(Data records)
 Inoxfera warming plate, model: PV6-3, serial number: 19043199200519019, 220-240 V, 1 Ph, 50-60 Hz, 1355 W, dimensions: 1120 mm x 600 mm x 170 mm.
(End Data records)
(Data records)
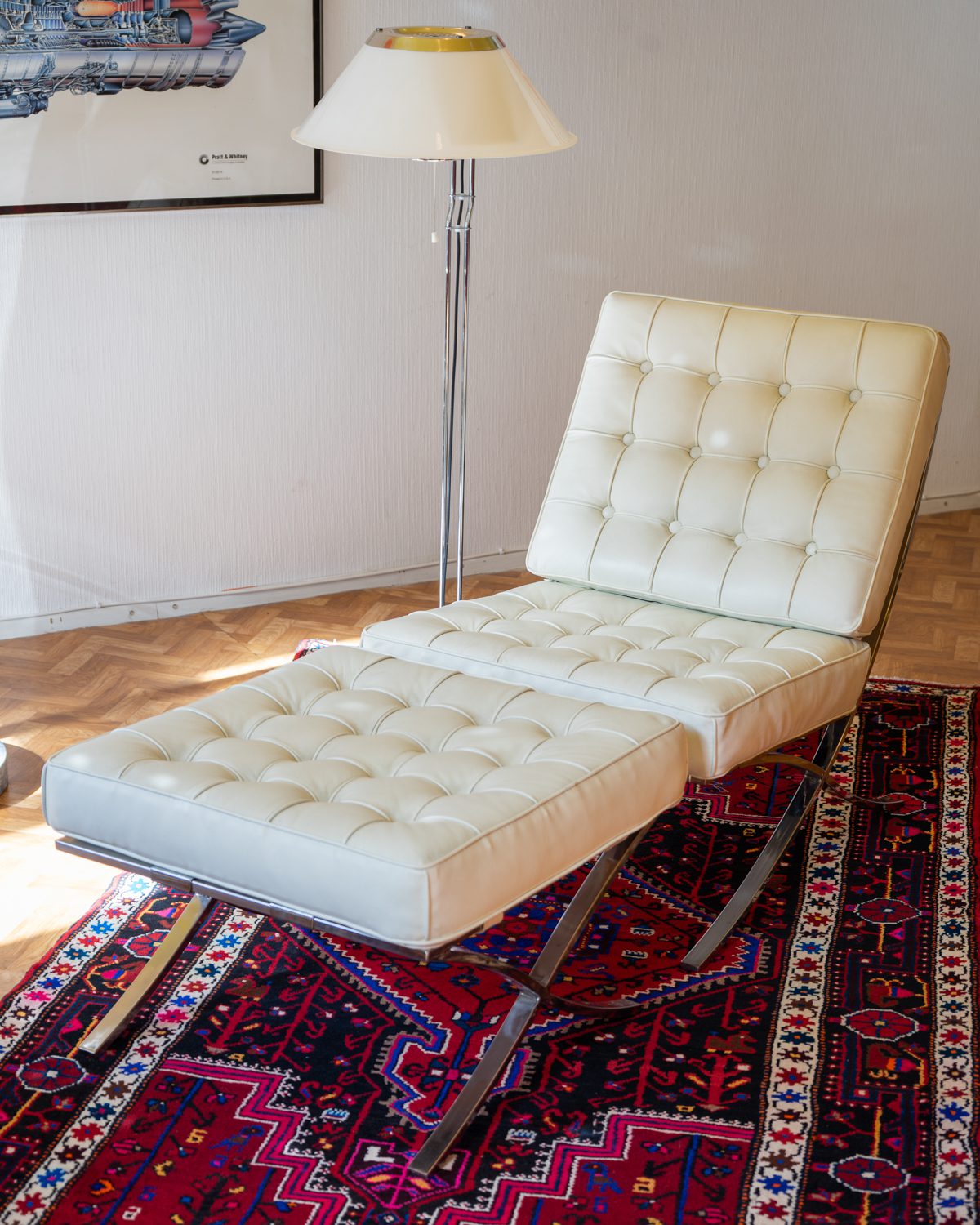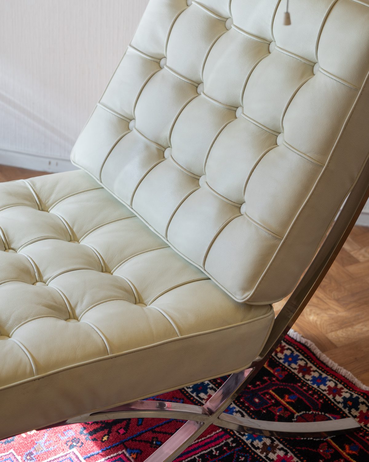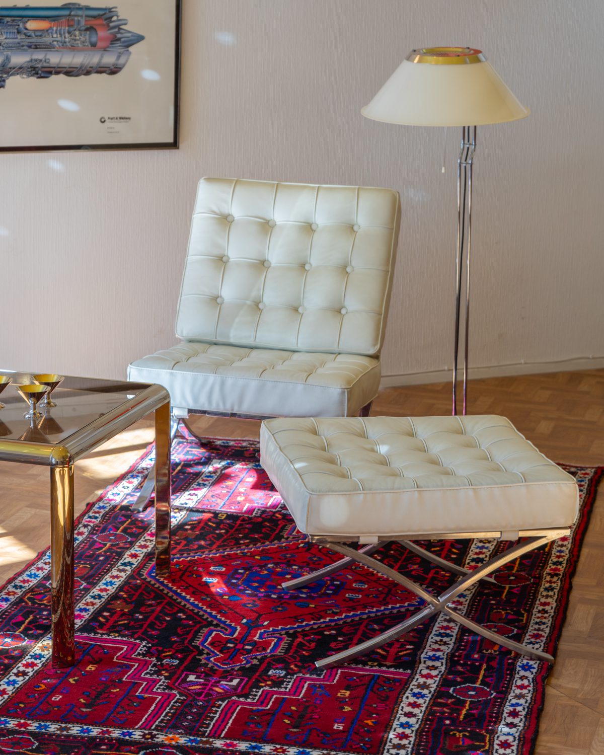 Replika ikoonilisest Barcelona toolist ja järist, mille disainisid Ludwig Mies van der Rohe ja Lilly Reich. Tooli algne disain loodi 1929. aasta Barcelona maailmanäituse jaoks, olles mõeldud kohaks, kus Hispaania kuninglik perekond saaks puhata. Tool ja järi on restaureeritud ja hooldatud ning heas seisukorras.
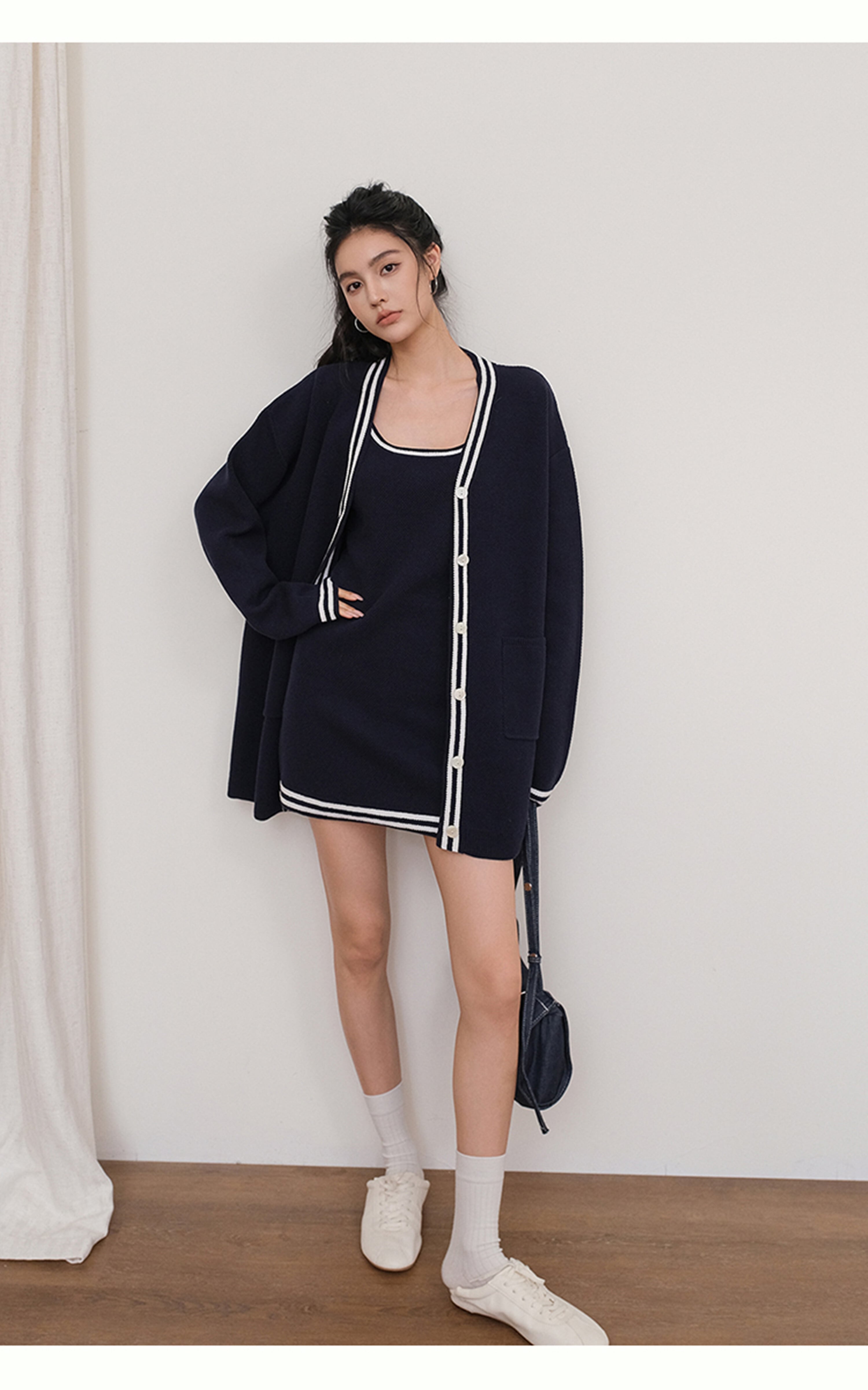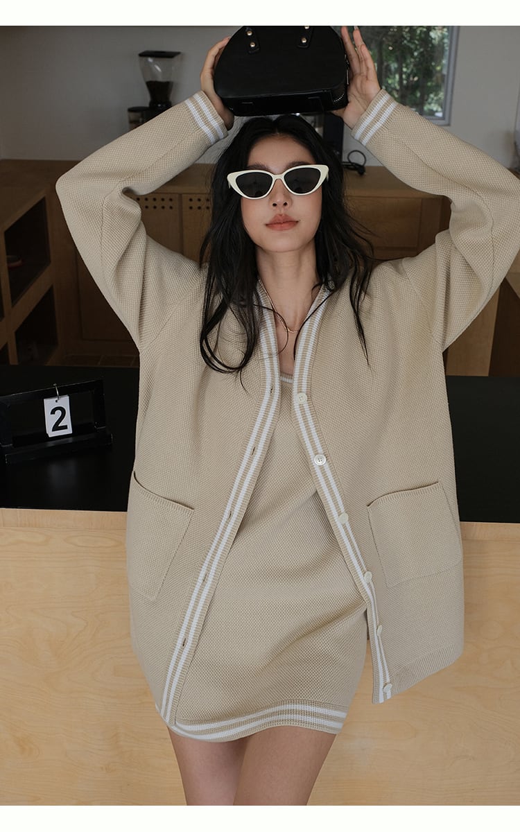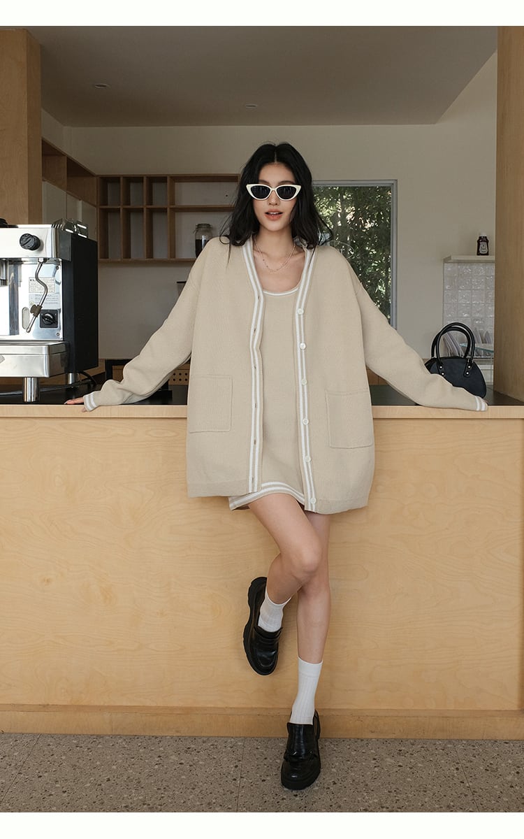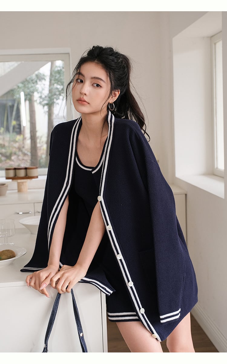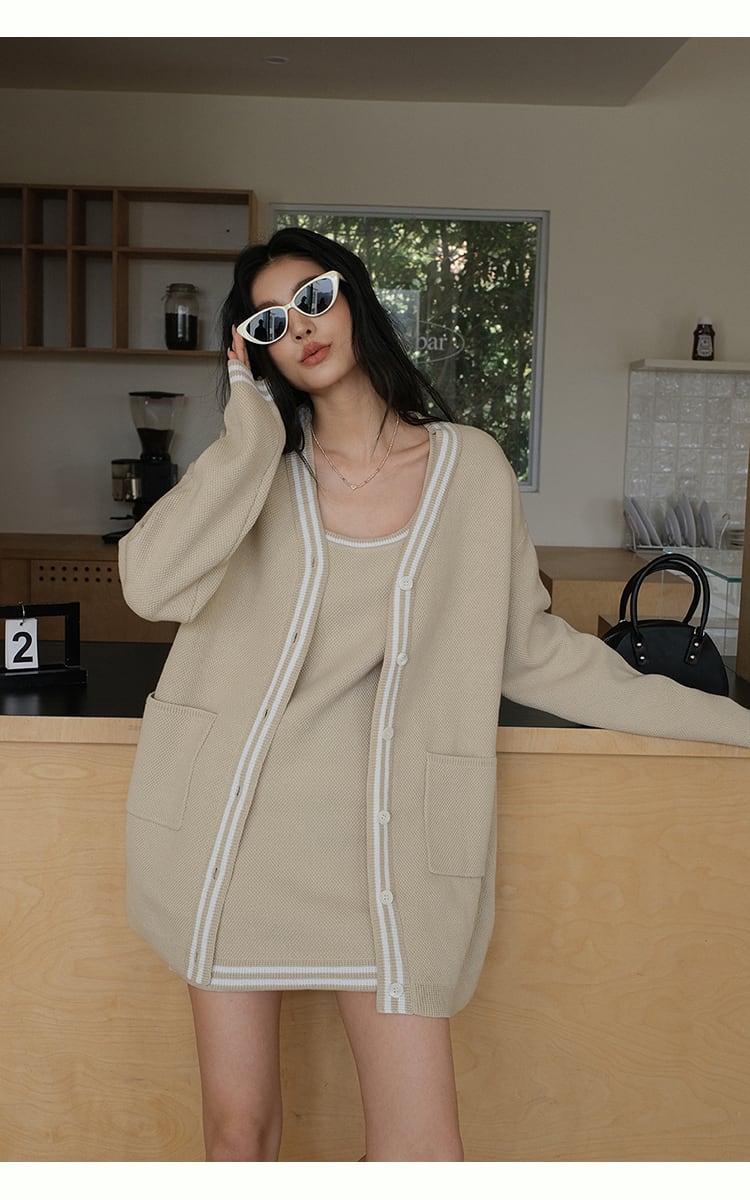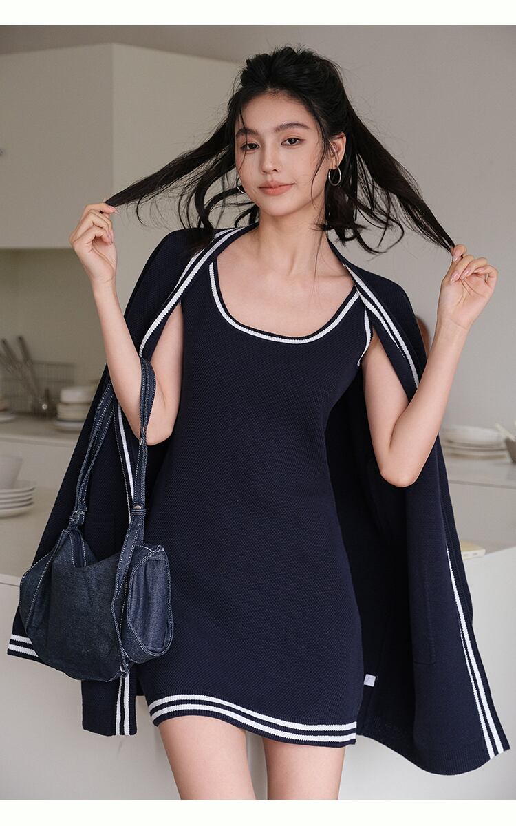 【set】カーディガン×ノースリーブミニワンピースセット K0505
(End Data records)
(Data records)
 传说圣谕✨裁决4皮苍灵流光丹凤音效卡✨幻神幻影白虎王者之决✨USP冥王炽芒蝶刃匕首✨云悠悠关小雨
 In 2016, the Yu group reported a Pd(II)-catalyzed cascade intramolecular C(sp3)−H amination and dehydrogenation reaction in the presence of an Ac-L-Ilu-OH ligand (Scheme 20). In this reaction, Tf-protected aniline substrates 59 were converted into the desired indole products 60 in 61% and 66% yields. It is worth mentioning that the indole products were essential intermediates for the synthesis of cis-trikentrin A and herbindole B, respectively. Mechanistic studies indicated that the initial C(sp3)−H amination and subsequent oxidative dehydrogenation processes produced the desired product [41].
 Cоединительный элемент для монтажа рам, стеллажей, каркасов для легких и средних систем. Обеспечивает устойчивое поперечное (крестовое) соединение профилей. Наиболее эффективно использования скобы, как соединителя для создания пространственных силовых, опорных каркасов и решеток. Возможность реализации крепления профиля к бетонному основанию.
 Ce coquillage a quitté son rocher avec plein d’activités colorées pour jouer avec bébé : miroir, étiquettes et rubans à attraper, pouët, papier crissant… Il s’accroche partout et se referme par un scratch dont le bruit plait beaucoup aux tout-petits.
(End Data records)
What is being asked
Please reproduce exactly the lines in the listing above from the one containing "In 2016, the" through the one containing "Cоединительный элемент для", both included, and nothing more.

Task answer
 In 2016, the Yu group reported a Pd(II)-catalyzed cascade intramolecular C(sp3)−H amination and dehydrogenation reaction in the presence of an Ac-L-Ilu-OH ligand (Scheme 20). In this reaction, Tf-protected aniline substrates 59 were converted into the desired indole products 60 in 61% and 66% yields. It is worth mentioning that the indole products were essential intermediates for the synthesis of cis-trikentrin A and herbindole B, respectively. Mechanistic studies indicated that the initial C(sp3)−H amination and subsequent oxidative dehydrogenation processes produced the desired product [41].
 Cоединительный элемент для монтажа рам, стеллажей, каркасов для легких и средних систем. Обеспечивает устойчивое поперечное (крестовое) соединение профилей. Наиболее эффективно использования скобы, как соединителя для создания пространственных силовых, опорных каркасов и решеток. Возможность реализации крепления профиля к бетонному основанию.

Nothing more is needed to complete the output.